How to Create an Iceberg Table
Creating an Iceberg table takes 5 steps: configure a catalog → CREATE TABLE with hidden partitioning → insert data → query with time travel → evolve the schema. The entire flow works in Spark SQL with no additional tooling beyond the iceberg Spark package.
Steps
Configure a Catalog
The catalog stores table metadata pointers. Use the Hadoop catalog for local dev, AWS Glue for production on AWS, or a REST catalog (Nessie) for multi-engine environments.
# PySpark: Hadoop catalog (local dev)
from pyspark.sql import SparkSession
spark = SparkSession.builder \
.config('spark.sql.extensions',
'org.apache.iceberg.spark.extensions.IcebergSparkSessionExtensions')\
.config('spark.sql.catalog.local',
'org.apache.iceberg.spark.SparkCatalog')\
.config('spark.sql.catalog.local.type', 'hadoop')\
.config('spark.sql.catalog.local.warehouse', '/tmp/iceberg-warehouse')\
.getOrCreate()Create the Table
Use USING iceberg and define a hidden partition with a transform. days(event_ts) partitions by day without exposing the partition column.

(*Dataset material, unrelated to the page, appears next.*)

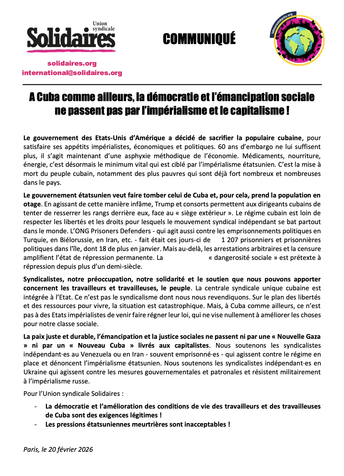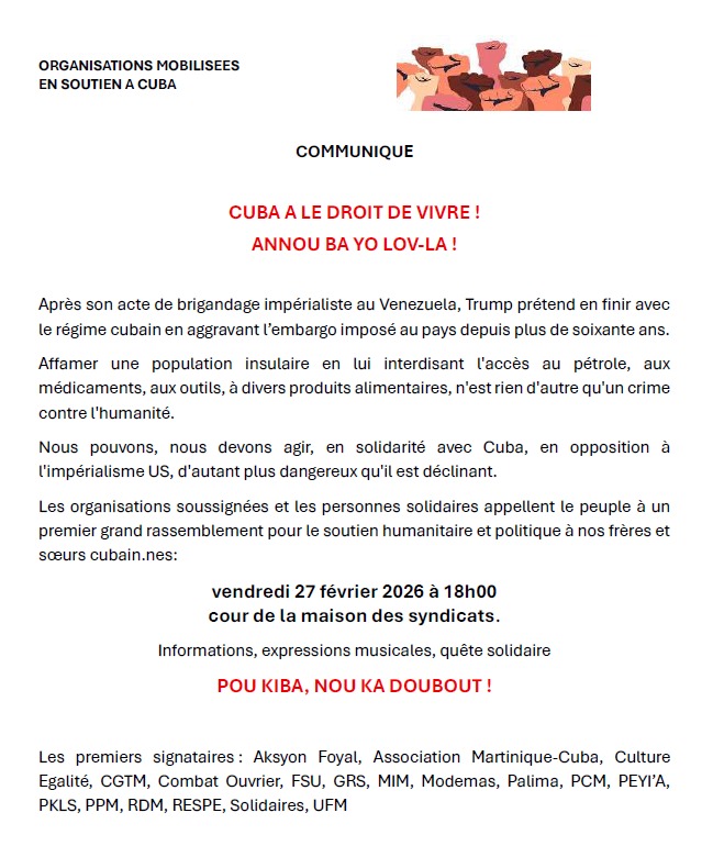 Fidèle à l'orientation internationaliste de notre syndicat, l'Union Syndicale Solidaires 972 affirme son soutien au peuple cubain, en particulier aux travailleuses et travailleurs, dont les conditions de vie sont dramatiquement impactées par le blocus américain.

CREATE TABLE local.db.events (
event_id BIGINT NOT NULL,
user_id BIGINT,
event_type STRING,
event_ts TIMESTAMP
)
USING iceberg
PARTITIONED BY (days(event_ts)) -- hidden partition
TBLPROPERTIES (
'write.format.default' = 'parquet',
'write.target-file-size-bytes' = '536870912' -- 512 MB
)Insert and Query Data
Use standard SQL or the DataFrame API. Iceberg applies partition pruning automatically — no need to add WHERE event_date = X to your queries.
-- Insert with SQL
INSERT INTO local.db.events
VALUES(1, 101, 'page_view', '2026-03-23 12:00:00');
-- Insert with PySpark DataFrame
df.writeTo('local.db.events').append()
-- Query (partition pruning is automatic)
SELECT event_type, COUNT(*)
FROM local.db.events
WHERE event_ts >= '2026-03-01'
GROUP BY event_typeQuery with Time Travel
Every write creates a snapshot. Query any past point in time using a timestamp or snapshot ID.
-- Time travel by timestamp (Spark SQL)
SELECT * FROM local.db.events
TIMESTAMP AS OF '2026-03-22 00:00:00';
-- By snapshot ID
SELECT * FROM local.db.events
VERSION AS OF 5432109876543210987;
-- List all snapshots
SELECT * FROM local.db.events.snapshotsEvolve the Schema
Add, rename, or drop columns without rewriting data files. Iceberg uses column IDs internally, so renames never break existing files.
-- Add a nullable column (metadata-only, instant)
ALTER TABLE local.db.events
ADD COLUMN session_id STRING;
-- Rename a column safely
ALTER TABLE local.db.events
RENAME COLUMN event_type TO event_name;
-- Run compaction to merge small files
CALL local.system.rewrite_data_files(\n table => 'db.events'
)Common Issues
Table not found after creation
Check that your Spark session catalog name matches the table prefix. If you configured catalog name `local`, the table must be referenced as `local.db.table`, not just `db.table`.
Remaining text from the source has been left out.